Interesting question!

Intuitively, I'd say that the answer is "yes". The birth vs mortality rate is
also a huge factor, of course, as in Bucharest people tend to die more
compared to kids being born here. Until we joined the EU that was counter-
balanced by the countryside people coming to Bucharest (so much so that in the
early 1980s the communist regime instituted some draconian rules against that,
pretty similar to the Hukou system now in effect in China), but after our EU
accession those countryside people saw that the salaries in Spain or Italy
were higher compared to those from Bucharest, plus cost-of-living was pretty
much the same if not lower, so they took the logical decision and migrated to
those countries instead.

Right now Bucharest is feeding off smaller cities from Southern and Eastern
Romania.
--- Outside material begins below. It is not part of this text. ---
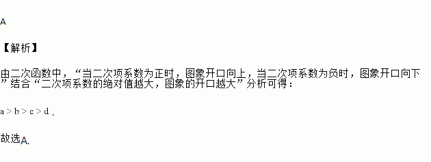 如图,四个二次函数的图像中,分别对应的是①y = ax2;②y = bx2;③y = cx2; ④y = dx2.

I've made a heatmap showing that phenomenon in here:
[http://4.bp.blogspot.com/-tbQVpiC4CuI/UX7rUriCEBI/AAAAAAAAAk...](http://4.bp.blogspot.com/-tbQVpiC4CuI/UX7rUriCEBI/AAAAAAAAAko/3mOPiZMcnVc/s1600/Picture+5.png)
("hotter" points represent places where people lived before coming to
Bucharest), based on FB-profile data I parsed a couple of years ago; of
course, there's nothing scientific-like in that map, I just found it
interesting. This strategy is not sustainable on the long-term.

------
bryanlarsen
The building of homes for investment purposes should be making housing more
affordable, not less. Simple supply & demand: more supply should mean lower
prices.

Which implies that these homes aren't actually being added to supply. Why are
investors choosing to forgo rental income? There are lots of potential answers
to the question, and answering them might magically fix the problem.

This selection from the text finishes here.